Hello Peoples the names Anthony. before the intro I'll just say Snowboarding , is THE Gnarliest sport ever invented . Im hoping On meeting some good friends to shred the mountain with & currently working my schedule/life to be more around the mountains more considering that I live in Boston not many are willing to put time and effort for it , I say they're scared -.-. iv snowboarded from 9-13 years old on the big mountains on Colorado learning the hard way (go to the peak, don't die on the way down). years after that I was too young to go by myself until my 20's iv got'n back on the board and been riding since then , Never gonna stop the slopes . Never gonna give up . Do it Or Die Trying


----------



## nutmegchoi (Feb 10, 2016)

You are nice!
Don't you ever forget that!!

Glad you made this far without killing yourself.
Welcome.


----------



## wrathfuldeity (Oct 5, 2007)

Boston...isn't that like snowboarding hell...me thinks u done gone too far down.


----------



## snowangel99 (Mar 11, 2016)

You are nice. Welcome! I love your youthful passion. Hold onto that!

Sent from my SM-N910W8 using Tapatalk


----------



## SnowDogWax (Nov 8, 2013)

Nice... Keep snowboarding


----------



## itznice (Apr 7, 2016)

wrathfuldeity said:


> Boston...isn't that like snowboarding hell...me thinks u done gone too far down.



it is hell, even tho it's my birthplace I always felt like I didn't belong here .nobody can't relate to the feeling , which lead me here. I'm moving to Colorado Next year & begin traveling to other mountains from there


----------



## itznice (Apr 7, 2016)

thnx people's , I'm even more motivated to test every limit possible


boarders & skiers unite  8)


----------



## XxGoGirlxX (Jan 15, 2016)

itznice said:


> nobody can't relate to the feeling , which lead me here.
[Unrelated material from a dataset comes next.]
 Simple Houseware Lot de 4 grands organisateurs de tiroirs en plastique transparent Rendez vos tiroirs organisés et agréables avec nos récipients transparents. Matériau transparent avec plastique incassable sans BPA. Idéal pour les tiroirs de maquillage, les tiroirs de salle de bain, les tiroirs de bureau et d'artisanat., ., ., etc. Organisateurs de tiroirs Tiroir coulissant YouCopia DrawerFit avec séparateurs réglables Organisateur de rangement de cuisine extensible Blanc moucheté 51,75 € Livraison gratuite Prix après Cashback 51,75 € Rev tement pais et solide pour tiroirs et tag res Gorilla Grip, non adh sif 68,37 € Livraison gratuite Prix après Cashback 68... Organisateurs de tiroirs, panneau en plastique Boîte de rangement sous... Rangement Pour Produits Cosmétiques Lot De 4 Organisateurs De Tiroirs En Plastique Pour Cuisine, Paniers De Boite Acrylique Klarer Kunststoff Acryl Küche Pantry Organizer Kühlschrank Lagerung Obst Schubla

Welcome! Here, have a cuppa Stoke with whipped cream on top  
It's all relative, I live in VT and I feel the same ...nobody can relate to the feeling...


----------



## Seppuccu (Dec 4, 2012)

Greetings from another circle of hell.


----------



## DaveMcI (Aug 19, 2013)

Keep it bEast


----------



## itznice (Apr 7, 2016)

Anticrobotic said:


> Greetings from another circle of hell.


 hello there lol , if your circle's been through hell I am your friend 

hahaa


----------



## itznice (Apr 7, 2016)

[/QUOTE] Welcome! Here, have a cuppa Stoke with whipped cream on top. It's all relative, I live in VT and I feel the same ...nobody can relate to the feeling...[/QUOTE]
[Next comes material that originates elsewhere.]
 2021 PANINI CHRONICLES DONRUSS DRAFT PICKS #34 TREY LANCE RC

loll  thnx for the cuppa stoke . the fact that I'm Hispanic makes it even harder smh , especially how I ride , I'm one who broke the branch out the family tree I went rouge and chose to snowboard 8)


----------



## MassSnowboarder (Mar 3, 2015)

Welcome! I am from greater Boston, myself, though I can see you have become an accomplished snowboarder! I myself can only ride the bunny hill at Blue Hills and some other areas, but having said that, I encourage you to go for it and go for your snowboarding dreams!


----------